▶ _What to do_
The required output is the exact run of lines in the listing below from the line holding "Elazığ'da Park Halindeki Midibüs Alev Aldı" through the line holding "ACA DECOR –", with no pictures.

▶ _Data_

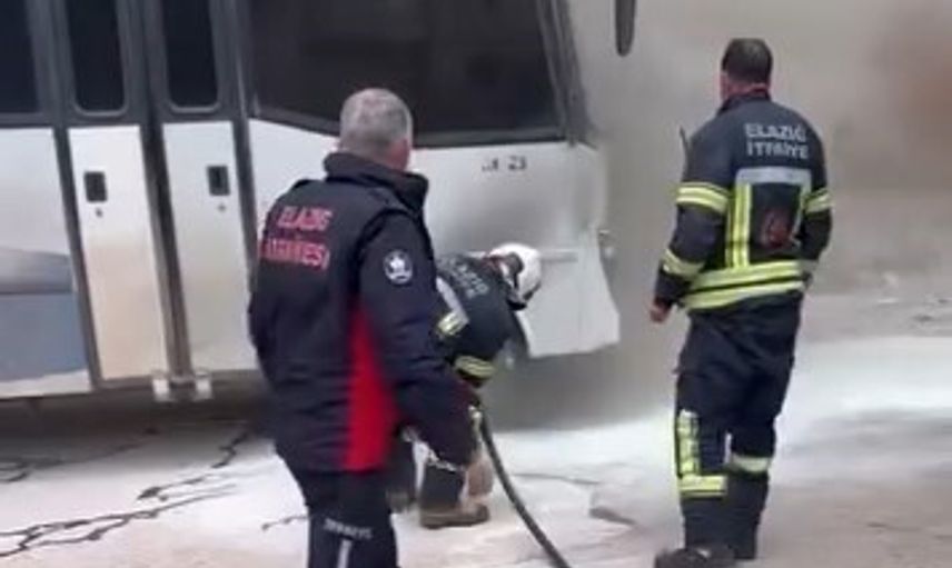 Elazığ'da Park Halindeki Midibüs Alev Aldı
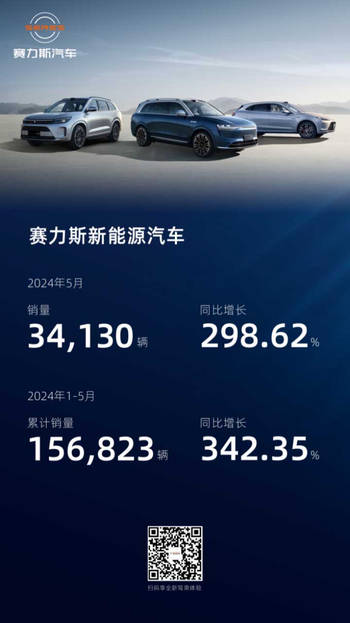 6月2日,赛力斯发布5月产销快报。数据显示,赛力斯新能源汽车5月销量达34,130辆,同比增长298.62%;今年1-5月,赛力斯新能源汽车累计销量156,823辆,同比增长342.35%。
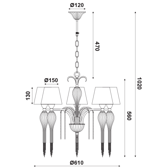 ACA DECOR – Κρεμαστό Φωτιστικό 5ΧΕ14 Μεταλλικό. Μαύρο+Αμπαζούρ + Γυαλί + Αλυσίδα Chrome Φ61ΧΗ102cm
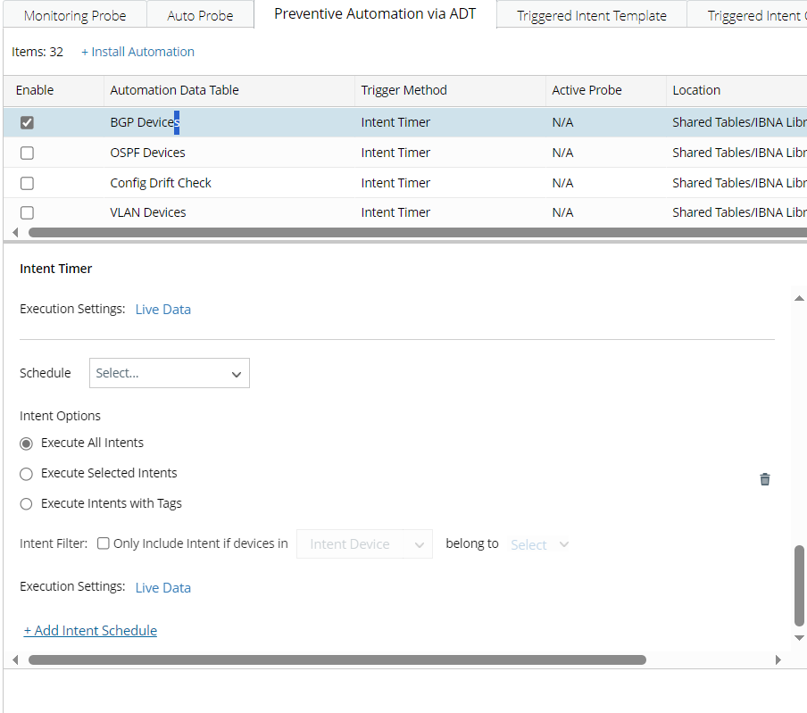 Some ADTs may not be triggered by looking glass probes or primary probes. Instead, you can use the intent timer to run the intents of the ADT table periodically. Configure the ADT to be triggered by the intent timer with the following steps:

==

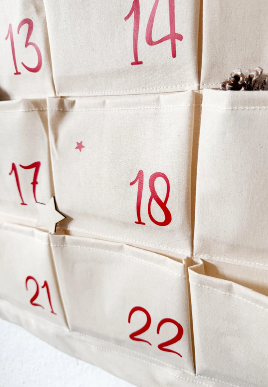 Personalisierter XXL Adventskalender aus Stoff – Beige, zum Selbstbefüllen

▶ _Written solution_
 Elazığ'da Park Halindeki Midibüs Alev Aldı
 6月2日,赛力斯发布5月产销快报。数据显示,赛力斯新能源汽车5月销量达34,130辆,同比增长298.62%;今年1-5月,赛力斯新能源汽车累计销量156,823辆,同比增长342.35%。
 ACA DECOR – Κρεμαστό Φωτιστικό 5ΧΕ14 Μεταλλικό. Μαύρο+Αμπαζούρ + Γυαλί + Αλυσίδα Chrome Φ61ΧΗ102cm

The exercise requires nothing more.